_TASK TO CARRY OUT_:
In the entries that follow, repeat exactly the lines from the one that has "Elegant and versatile, the" through the one that has "道路清障完毕,开始恢复隔离带", but omit pictures.

++++ RECORDS SUPPLIED ++++

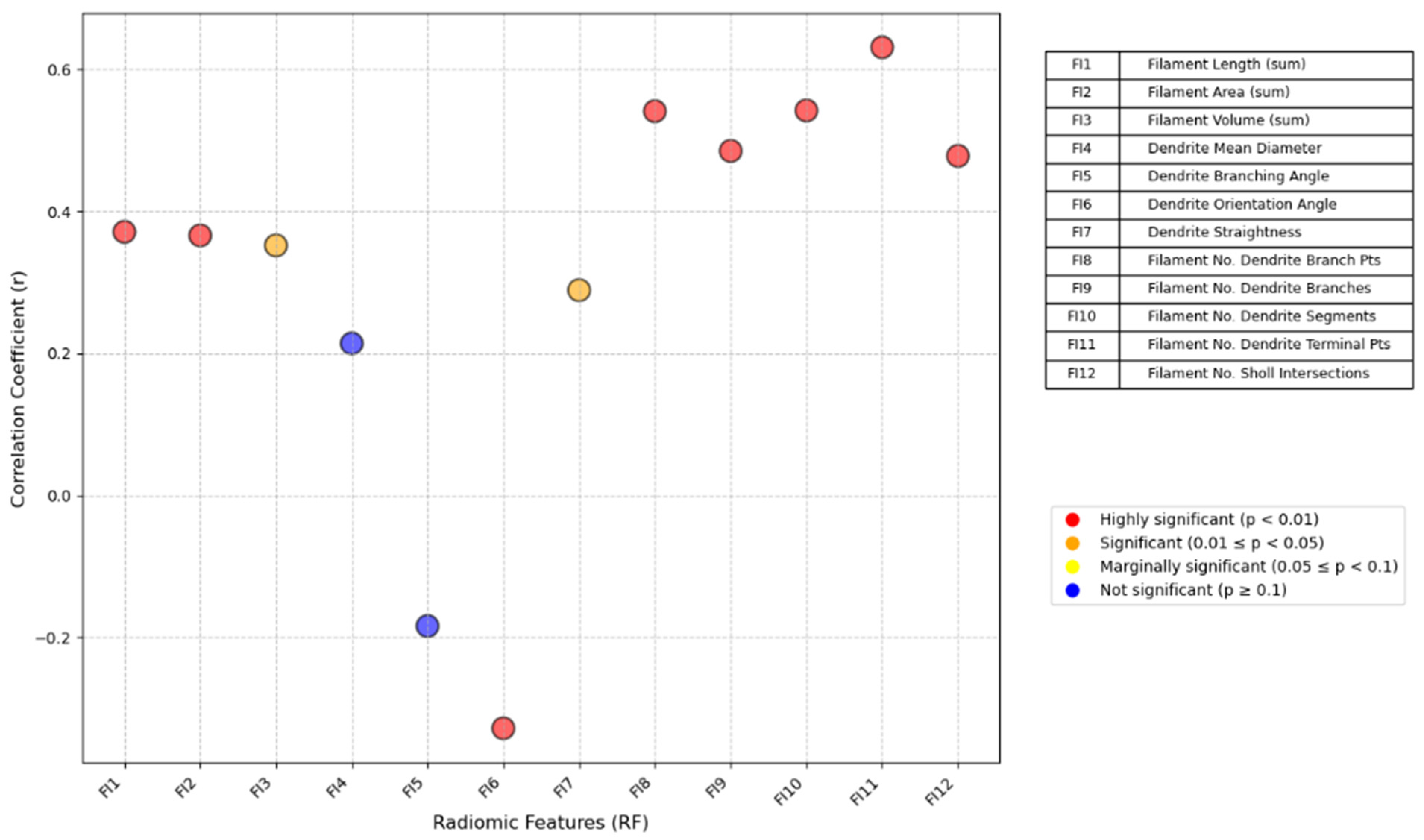 - Filament No. Dendrite Branch Pts: Number of branch points in the fiber structures.
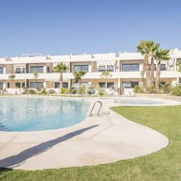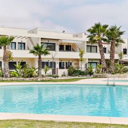 Nieuwbouw Appartementen in Innovatief Project Dichtbij Zee in TorreviejaDe appartementen zijn gelegen in Torrevieja, Alicante. De luxe appartementen liggen op slechts 300-400 meter afstand van de zee. De appartementen bieden gemakkelijke toegang tot prachtige promenades in Orihuela Costa en Torrevieja. Tevens ligt de omgeving dichtbij vele voorzieningen zoals winkels, uitvalswegen en zorgvoorzieningen, waaronder het Torrevieja Ziekenhuis.De appartementen te koop in Torrevieja Spanje, bevinden zich dicht bij de Aldi-supermarkt en diverse restaurants, op loopafstand van twee stranden met blauwe vlag en op 5,5 km van het winkelcentrum Zenia Boulevard. Binnen 15-30 minuten rijden zijn er golfbanen Villamartin, Lo Romero, Las Colinas Country Club en Campoamor. De appartementen liggen ook op 48 km van de internationale luchthaven van Alicante.De nieuwbouwappartementen zijn gelegen in een project met centrale tuin van ruim 10.000 m². In het project is er een verwarmd zwembad voor wellness, 2 andere zwembaden, paddlebanen, sportvelden, speeltuinen voor kinderen, wandelpaden, buitenfitness en een picknickplaats.Het project heeft een milieuvriendelijk ontwerp met warm water geproduceerd door een efficiënt aerothermisch systeem. Het heeft ook een geïntegreerde warmwateraccumulator van 80 liter. Dit systeem gebruikt ongeveer 300 W elektriciteit, maar levert vier keer meer energie dan het verbruikt. Voor het comfort van de bewoners zijn de appartementen ook voorzien van volledige warme en koude airconditioning en vloerverwarming in de badkamers.De appartementen hebben een ontwerp dat zich uitstrekt tot privédakterrassen, bereikbaar via een privétrap. Deze terrassen zijn goed uitgerust met waterkranen, stopcontacten en zelfs tv-aansluitingen. Daarnaast bestaat de mogelijkheid om op de terrassen een douche en jacuzzi te plaatsen.Er zijn 2 opties voor appartementen in het project. De benedenwoningen met tuin/terras en penthouses met balkons en privé dakterrassen. Het aantal kamers varieert afhankelijk van de appartement types. ALC-00281
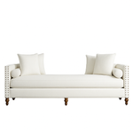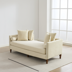 Elegant and versatile, the Veloura Chaise Lounge adds a touch of luxury to any bedroom or living space. With its generous width and length, it can easily double as a daybed or bench, offering both style and functionality. Upholstered in soft fabric and accented with several coordinating pillows, this chaise delivers comfort and sophistication in equal measure.
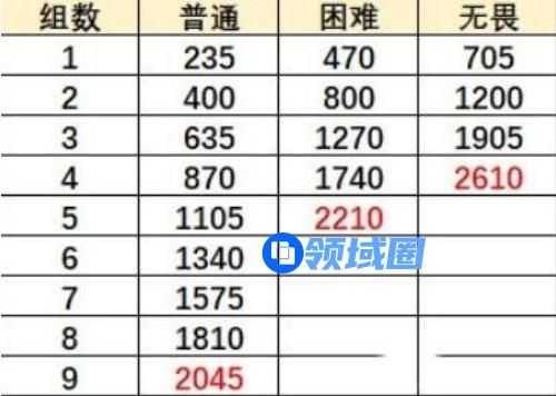 第1组(只刷一次):积分普通235,困难470,无畏705
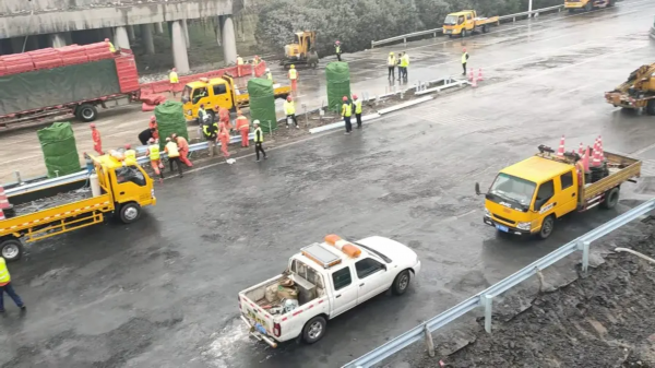 道路清障完毕,开始恢复隔离带和路面。同时,受夜间大雨影响,指挥部决定延长作业时间三小时,预计15点恢复通行。
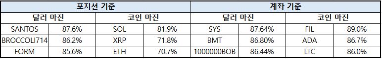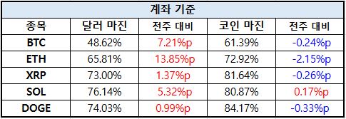 계좌 기준에서는 비트코인(BTC)과 이더리움(ETH)을 중심으로 달러 마진 비중이 크게 확대되며 투자자 포지셔닝이 빠르게 이동하는 흐름이 확인됐다. 비트코인(BTC)은 달러 마진 비중이 48.62%로 전주 대비 7.21%p 증가했으며, 이더리움(ETH)은 65.81%로 13.85%p 급증했다. 솔라나(SOL) 역시 76.14%로 5.32%p 상승했다. 반면 코인 마진은 ETH(-2.15%p), XRP(-0.26%p), DOGE(-0.33%p) 등 주요 종목에서 일제히 감소하거나 제한적인 변동에 그쳤다.

++++

_RESPONSE TO THIS TASK_:
 Elegant and versatile, the Veloura Chaise Lounge adds a touch of luxury to any bedroom or living space. With its generous width and length, it can easily double as a daybed or bench, offering both style and functionality. Upholstered in soft fabric and accented with several coordinating pillows, this chaise delivers comfort and sophistication in equal measure.
 第1组(只刷一次):积分普通235,困难470,无畏705
 道路清障完毕,开始恢复隔离带和路面。同时,受夜间大雨影响,指挥部决定延长作业时间三小时,预计15点恢复通行。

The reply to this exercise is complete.